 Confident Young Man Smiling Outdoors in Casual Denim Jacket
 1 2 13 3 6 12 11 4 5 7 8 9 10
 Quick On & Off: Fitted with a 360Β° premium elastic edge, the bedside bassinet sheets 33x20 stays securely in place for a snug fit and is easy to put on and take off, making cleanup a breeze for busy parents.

--

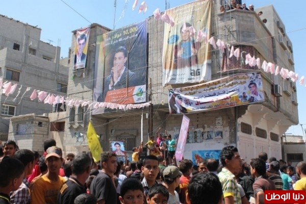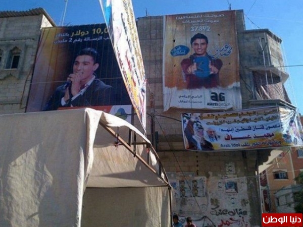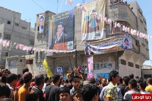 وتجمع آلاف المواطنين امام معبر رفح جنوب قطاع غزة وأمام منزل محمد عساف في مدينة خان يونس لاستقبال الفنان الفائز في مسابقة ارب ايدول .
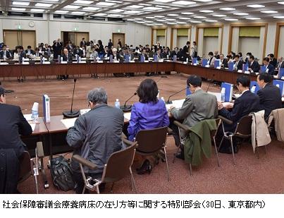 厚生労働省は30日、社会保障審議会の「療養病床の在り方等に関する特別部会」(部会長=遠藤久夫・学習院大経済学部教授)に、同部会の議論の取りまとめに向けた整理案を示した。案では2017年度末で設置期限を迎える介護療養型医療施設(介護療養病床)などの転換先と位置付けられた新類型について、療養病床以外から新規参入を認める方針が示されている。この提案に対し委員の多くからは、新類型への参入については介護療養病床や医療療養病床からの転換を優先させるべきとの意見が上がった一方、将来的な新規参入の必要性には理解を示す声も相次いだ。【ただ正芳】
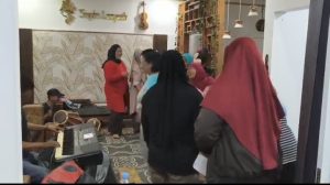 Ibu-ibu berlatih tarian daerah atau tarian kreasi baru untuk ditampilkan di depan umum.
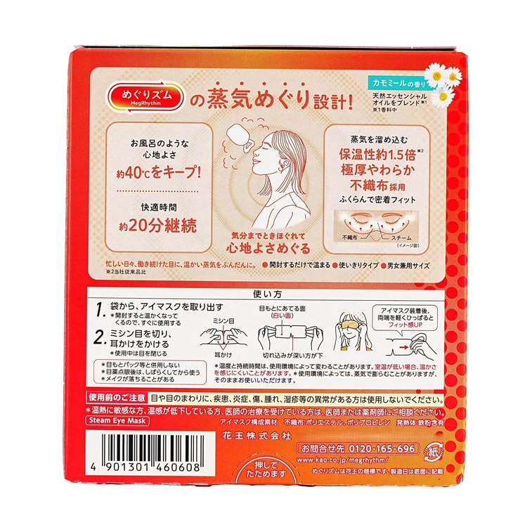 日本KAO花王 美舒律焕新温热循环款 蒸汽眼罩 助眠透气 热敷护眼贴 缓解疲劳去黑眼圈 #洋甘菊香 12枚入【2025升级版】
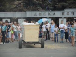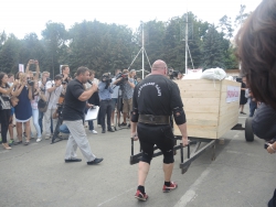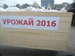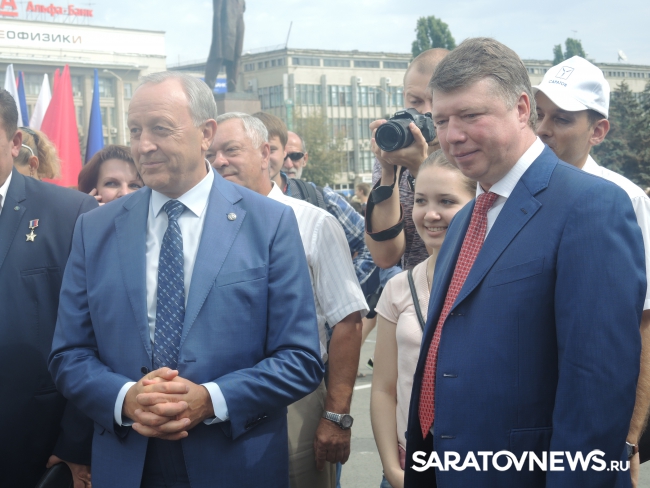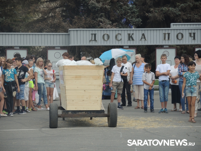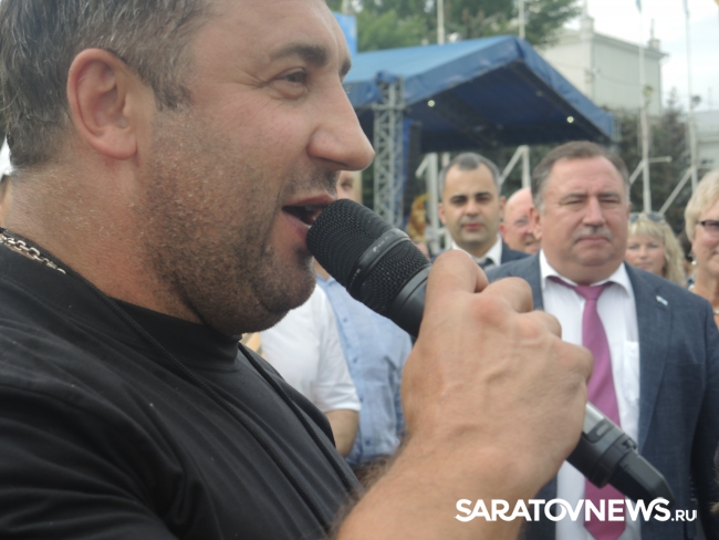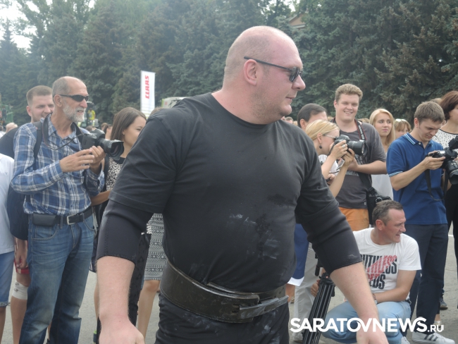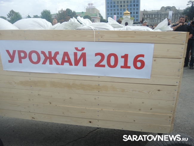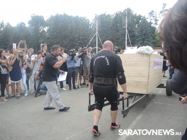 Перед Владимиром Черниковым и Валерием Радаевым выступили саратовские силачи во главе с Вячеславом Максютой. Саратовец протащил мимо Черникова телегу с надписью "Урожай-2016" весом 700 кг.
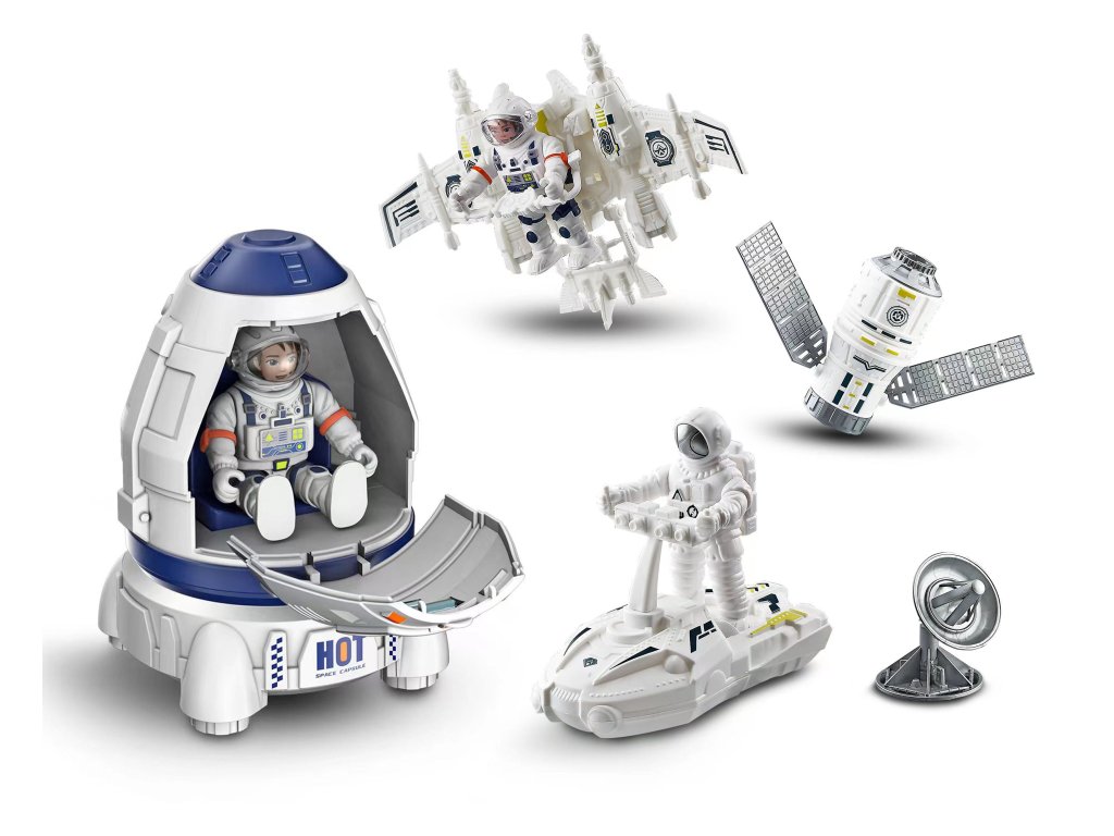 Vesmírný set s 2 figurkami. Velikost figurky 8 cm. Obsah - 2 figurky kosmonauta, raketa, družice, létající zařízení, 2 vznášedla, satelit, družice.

==

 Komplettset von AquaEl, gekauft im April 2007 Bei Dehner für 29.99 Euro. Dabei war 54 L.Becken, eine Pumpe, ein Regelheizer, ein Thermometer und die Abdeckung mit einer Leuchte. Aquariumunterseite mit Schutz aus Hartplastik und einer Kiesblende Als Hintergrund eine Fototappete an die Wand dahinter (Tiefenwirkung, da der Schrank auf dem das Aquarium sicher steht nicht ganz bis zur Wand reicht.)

> _TASK INSTRUCTIONS_
Keep both end lines and retype everything in the records above from the line containing "1 2 13 3 6 12 11 4 5 7 8 9 10" through the line containing "Quick On & Off: Fitted", exactly, with nothing else.

> _EXERCISE RESULT_
 1 2 13 3 6 12 11 4 5 7 8 9 10
 Quick On & Off: Fitted with a 360Β° premium elastic edge, the bedside bassinet sheets 33x20 stays securely in place for a snug fit and is easy to put on and take off, making cleanup a breeze for busy parents.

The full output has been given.